The real shift: From documents to data

The key to accurate and more efficient AI is integrating knowledge graphs. Knowledge graphs are machine-readable data representations that mimic human knowledge, and bridge the gap to a safer, more reliable gen AI. In accounting, knowledge graphs can model complex concepts (e.g., debits, credits, assets) so software can “understand” financial reports the way humans do. When a digital financial report has tagged the accounting concepts using a naming convention from a standard such as U.S. GAAP/XBRL, a financial report becomes a truly machine-readable accounting object. This shift requires rethinking content management, from documents to data.

Furthermore, if that same naming convention is used in, for example, the tagging of external guidance materials such as FASB Codification, and the tagging of internal guidance such as audit manuals, the knowledge graph automatically extends into all that material too. This strengthens AI’s capabilities by providing context that will help to produce better results via techniques such as RAG.

Some firms are beginning to rethink how audit knowledge is created, stored and shared, not as static documents, but as structured, connected pieces of information. Instead of treating a manual as one long file, they’re breaking it into smaller, tagged components: procedures, policies, checklists, explanations. These can be reused, updated and embedded directly into the tools auditors use every day.
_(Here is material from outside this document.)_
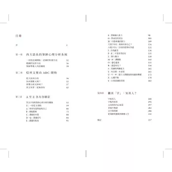 「技巧」二字聽起來讓人有點卻步,似乎需要花長時間學習。筆跡心理分析從來都是一項循證實踐的學習,屬經驗之談,若花了時間卻只了解皮毛,難免會令人失望。有見及此,我從使用者的角度出發,回到基本步,從英文字母開始討論筆跡心理分析。二十六個英文字母雖形態各異,實際上卻蘊含著特定的意義。不論大寫或小寫,還是書寫工具的選擇,都有不同的暗示。本書以這二十六個字母為主,附以不同的字母書寫形態,方便大家作對比,從中找出與自己寫法相似的字形,了解自己隱藏的性格特質。

A good analogy is the difference between having a printed map and using a GPS. The map is static. You must interpret it, cross-reference it, and hope it’s still current. The GPS, on the other hand, knows where you are, pulls in real-time data, and guides you step by step. That’s what audit content can become in a truly modern system.

Why it matters for the profession

This shift isn’t just about technology. It’s about strengthening trust in the audit process both for the auditors doing the work and the stakeholders relying on the results.

With a modular, data-driven approach, audit guidance becomes easier to maintain and faster to update. Changes to standards can be reflected instantly across all related materials. There’s a clear audit trail. Teams know they’re always working with the latest version. And when AI enters the picture, it’s working off a reliable foundation — not a patchwork of half-forgotten PDFs.

Even more importantly, this approach creates space for auditors to do what they’re trained to do: apply professional judgment. When guidance is clear, consistent, and easy to access, less time is spent hunting for answers and more time is spent analyzing and advising.

Same role, new tech

It’s easy to forget how much the profession has already changed. At Propylon, we’ve worked with audit and accounting firms for over 25 years. We’ve gone from ticking boxes on paper to working in cloud-based platforms. From calculators to Excel. From literal files to digital ones.

But each of those shifts wasn’t just about efficiency; it was about unlocking new levels of insight and professionalism.

Today’s transformation is no different. As audit enters this next phase, the firms that thrive will be the ones that treat knowledge not as something to store, but as something to structure, connect, and use in smarter ways.

Audit has always been about getting the details right. But now, getting the process right may be just as important.